March 1, 2024
NTIF, which stands for Network Threat Intelligence Feed, represents a formidable detection and mitigation tool integrated within Nexusguard’s array of DDoS protection tools. Designed to bolster defenses, NTIF efficiently blocks known malicious IP addresses without the need for extensive analysis.
As an advanced detection tool, NTIF promptly triggers a DDoS alert whenever the traffic originating from botnet IPs exceeds the defined detection threshold. Moreover, NTIF boasts a range of pre-configured policies that provide Security Operations Centers (SOCs) with exceptional flexibility and adaptability to effectively respond to various attack scenarios across eight distinct categories, as outlined in Table 1 below:
Each NTIF detection policy operates autonomously, allowing for individual enablement or disablement along with distinct threshold values.

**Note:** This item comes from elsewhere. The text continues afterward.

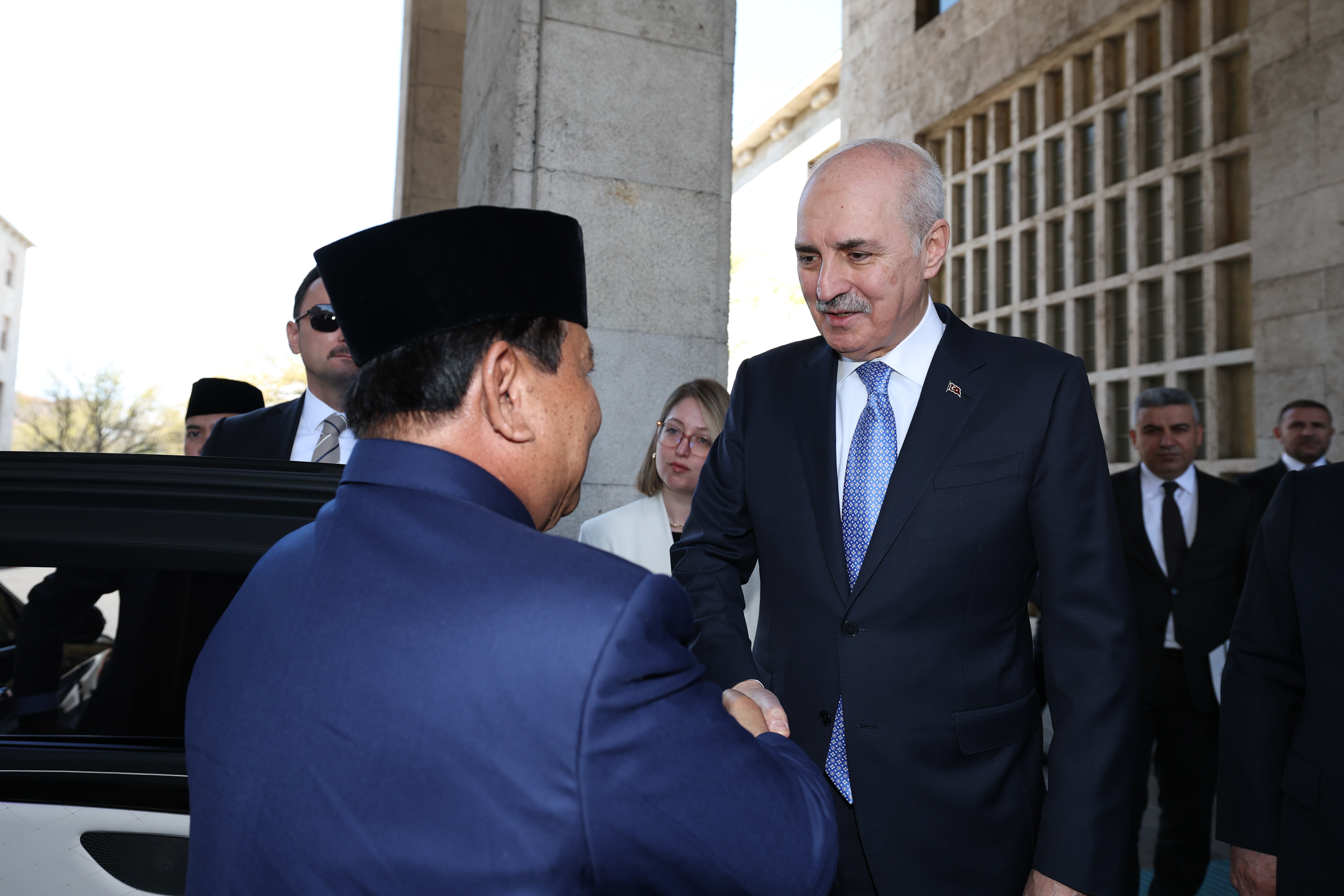 TBMM’ye, Türkiye ve Endonezya bayraklarını taşıyan motosikletli koruma ekiplerinin eşliğinde giriş yapan Subianto, daha sonra TBMM Başkanı Kurtulmuş tarafından karşılandı.

Similarly, the mitigation counterpart of NTIF operates in a comparable manner. Each attack category can be configured independently, enabling the SOC team to set the operation mode as OFF, Monitor, or ON according to the specific requirements of various attack scenarios.
Nexusguard's multi-tenant portal empowers customers with comprehensive visibility into the precise attack traffic that is effectively mitigated across each category, while also providing crucial information about the IP addresses of the blocked hosts.
Nexusguard employs a rigorous process to ensure accurate blocking of malicious IP addresses. To achieve this, our proprietary IP blocklist is meticulously cross-checked with reputable third-party IP reputation databases that Nexusguard subscribes to. This comprehensive verification involves assigning a score to each IP address in the database, considering factors such as category, source, time of occurrence, frequency, contribution to attack events, and other relevant indicators.
Through a sophisticated weighting system, these factors are scrupulously evaluated, and the final score is calculated by aggregating the weighted values and sorting them accordingly. The higher the score, the greater the likelihood and impact of the IP being associated with an attacker. Subsequently, NTIF's filtering mechanism effectively blocks these identified malicious IPs, bolstering network defenses.
To ensure the ongoing relevance of the information, the IP reputation database undergoes daily updates using the aforementioned methodology. This commitment to regular updates guarantees that networks remain protected with the latest and most accurate threat intelligence.
NTIF encompasses a wide array of essential features and capabilities that establish it as an influential and all-encompassing solution for network security. These include:
NTIF, Nexusguard's leading-edge solution, offers a seamless deployment process. It functions as a comprehensive list of identified malicious IP addresses, which, when enabled, completely blocks their access to protected resources. With NTIF, there is no need for further analysis or fine-tuning by the SOC team. Each IP address entry undergoes internal verification and is cross-referenced with multiple reputable third-party IP reputation databases.
NTIF proves effective in various attack scenarios, including zero-day attacks and carpet bombing attacks. In the case of zero-day attacks, where the attack pattern or method is not fully exposed, traditional signature-based detection methods face challenges. However, NTIF overcomes this by triggering an alert when the traffic level of any NTIF category surpasses the detection threshold, ensuring that attacks are not missed.
Regarding carpet bombing attacks, where the attack size typically falls below the detection threshold, NTIF excels in detecting such threats. As these attacks often originate from well-known botnet IPs, NTIF effectively detects them based on aggregated source traffic.
The automated filtering capabilities of NTIF significantly reduce the need for SOC intervention, enabling the swift identification and blocking of DDoS attacks within seconds. This represents a notable improvement over traditional manual traffic analysis methods, which can take up to 30 minutes or longer. By swiftly and decisively filtering out attack traffic while allowing legitimate traffic to continue uninterrupted, NTIF not only saves time and cost in the remediation process but also ensures an uncompromised user experience for customers, even during an ongoing attack.
NTIF is now available to customers using our Application Protection and Origin Protection service. For further information, please read about Nexusguard’s Application Protection and Origin Protection.
Nexusguard's NTIF offers an integrated methodology for deploying rapid, cost-effective, and real-time protection against DDoS attacks.